Rearrange the second equation to deal with the radical:

$$2Mr \ = \ l^2 \ - \ l^2 \cdot \sqrt{1 - (\frac{2M}{l})^2} \ \Rightarrow \ l^2 \cdot \sqrt{1 - (\frac{2M}{l})^2} \ = \ l^2 \ - \ 2Mr $$

$$\Rightarrow \ l^4 \cdot (1 - \frac{4M^2}{l^2}) \ = \ l^4 \ - \ 4Mrl^2 \ + \ 4M^2r^2 $$

$$ \Rightarrow \ 4Mrl^2 \ = \ 4M^2r^2 \ + \ 4M^2l^2 \ = \ 4M^2 \cdot (r^2 + l^2) \ , \ \ \ [1] $$

after squaring to eliminate the radical and making some further algebraic rearrangement.

Now,

$$\frac{l^2}{e^2} \ = \ \frac{4M^2 \cdot (r^2 + l^2)}{4Mr} \ \cdot \ (1 - \frac{2M}{r})^{-1} \ \cdot \ (\frac{r^2}{r^2 + l^2}) \ \ , $$

[using equation [1] and the equation for $e^2$ ]

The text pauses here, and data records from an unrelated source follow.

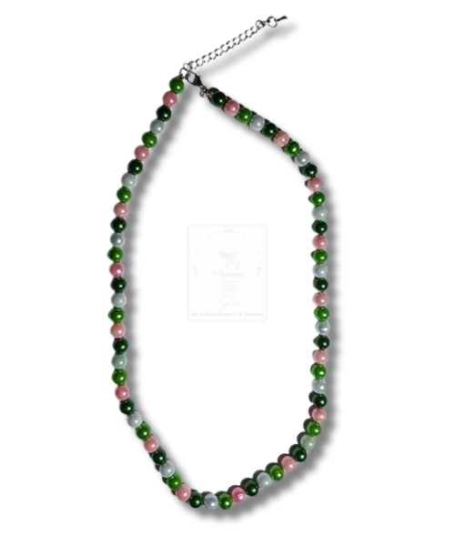 Handgemachte Halskette in Grün & Rosa – elegant & frisch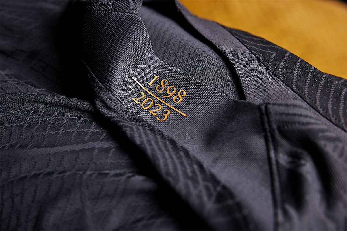The front of the jersey is adorned with DNA stripes, while the back of the neck features the years 1898 and 2023.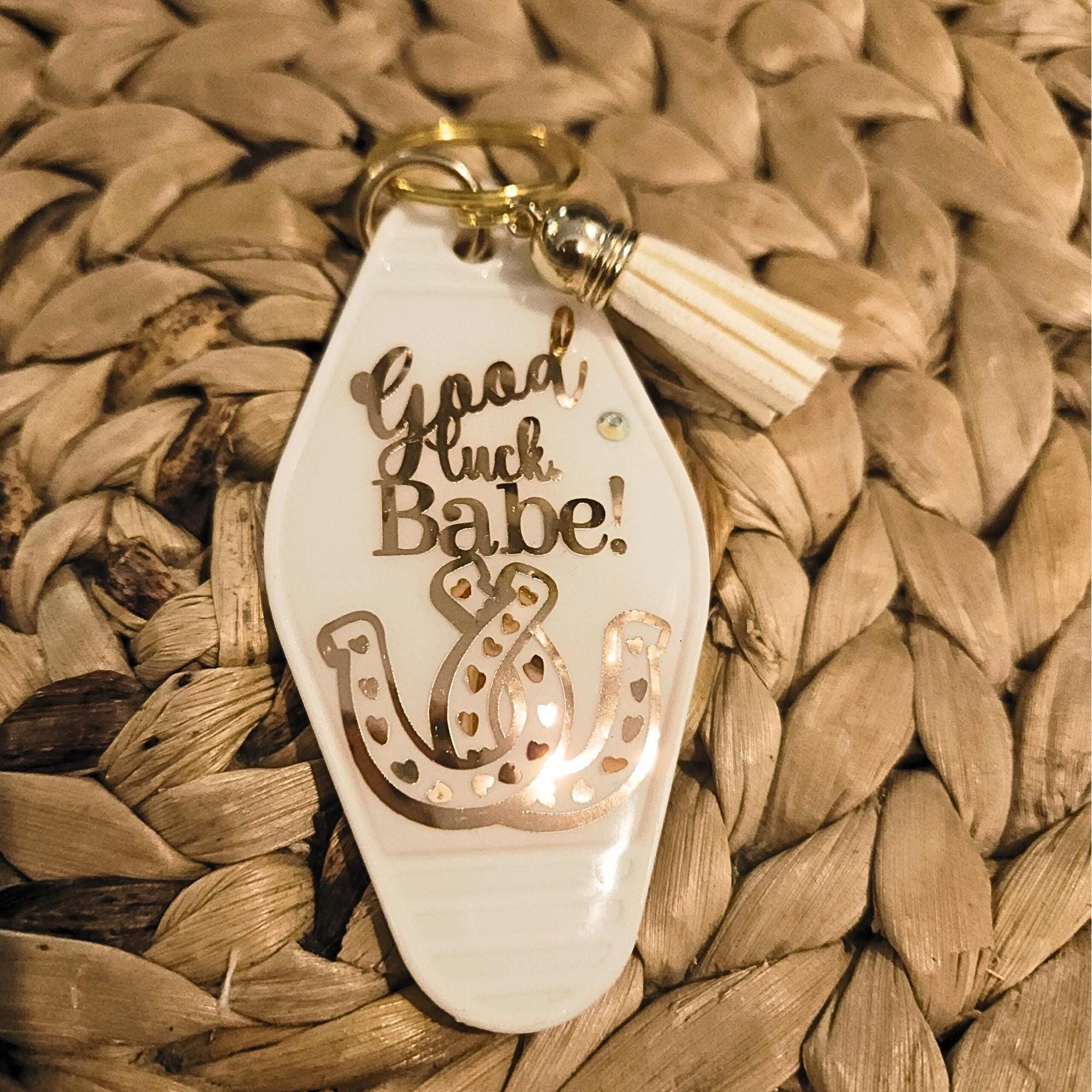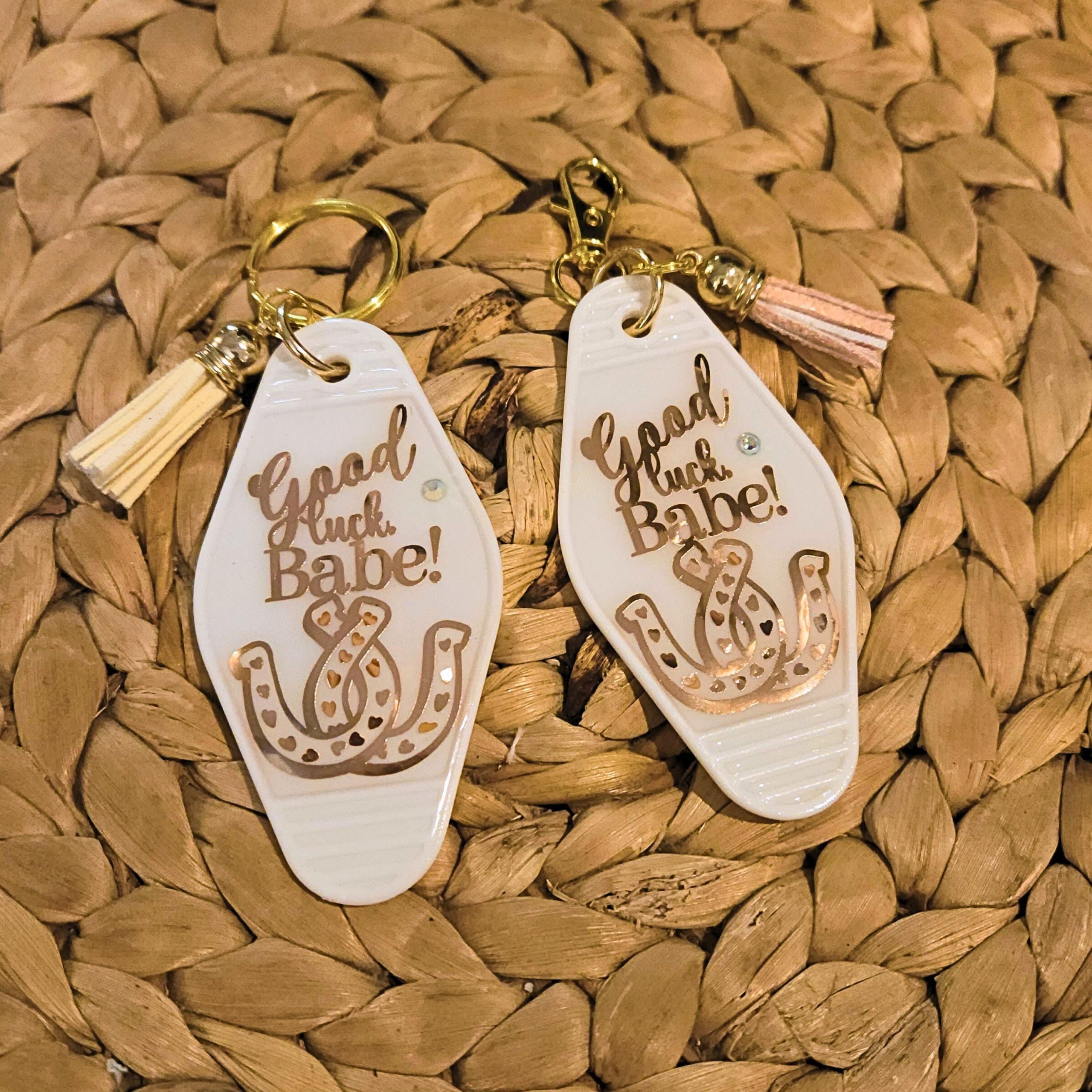 Discover a little sparkle and positivity with our Good Luck Babe keychain, designed to brighten your day and inspired by the vibrant spirit of Chappell Roan. This chic accessory blends the elegance of a white base with shimmering gold accents, making it a perfect lucky keychain or thoughtful gift for her. Whether you choose the playful cream sequin tassel or the understated cream tassel, this piece adds a touch of glam and good vibes wherever you go.

$$\Rightarrow \ \frac{l^2}{e^2} \ = \ Mr \cdot \ (1 - \frac{2M}{r})^{-1} \ \Rightarrow \ \frac{l}{e} \ = \ \sqrt{Mr \cdot \ (1 - \frac{2M}{r})^{-1}} . $$

OK, so I was partly wrong: the "Mr" is under the radical...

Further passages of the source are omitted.